Organizations face tougher business objectives every day, e.g., decreased time-to-market, requirements for higher quality levels and reliability and reduced costs. Systems in which software is a dominant factor are becoming more and more challenging to build. They are playing an increasingly important role in society. New methods, techniques, and tools are becoming available to support development and maintenance tasks. Because systems play such an important role in our lives both economically and socially, there is pressure for the software engineering discipline to focus on quality issues. Poor quality software is no longer acceptable to society. Software failures can result in catastrophic losses. In this context the importance of the testing discipline, as one of the quality measures that can be taken, is growing rapidly. Testing has become a key activity that directly influences not only the product quality but also the ‘performance’ of the entire development and manufacturing process.

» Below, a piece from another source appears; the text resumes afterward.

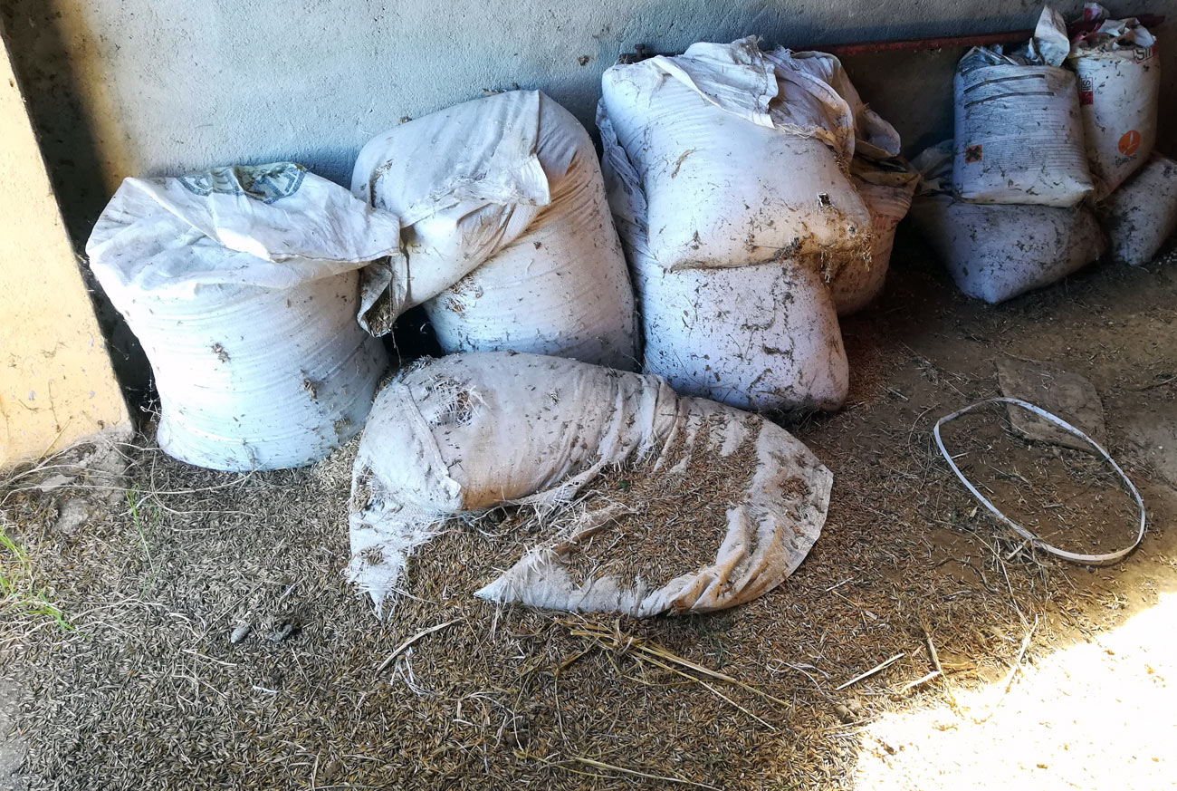 Fig 7. Sobrante de trigo donde se desarrolla Tenebroides mauritanicus en una granja de Banyoles./ C. Pradera 08-2019

For the past decade, the software industry has invested substantial effort to improve the quality of its products. This has been a difficult job since the size and complexity of software increases rapidly while customers and users are becoming more and more demanding. At the same time, software development is becoming an outsourced activity or is co-developed with other sites. Despite encouraging results from various quality improvement approaches, the software industry is still far from zero defects. To improve product quality, the software industry has often focused on improving its development processes. A guideline that has been widely used to improve the development processes is the Capability Maturity Model Integration (CMMI). The CMMI is often regarded as the industry standard for software process improvement. Despite the fact that testing often accounts for at least 30-40% of the total project costs, only limited attention is given to testing in the various software process improvement models such as the CMMI. As an answer, the testing community has created its own improvement models. This document describes the Test Maturity Model Integration (TMMi). The TMMi is a detailed model for test process improvement and is positioned as being complementary to the CMMI.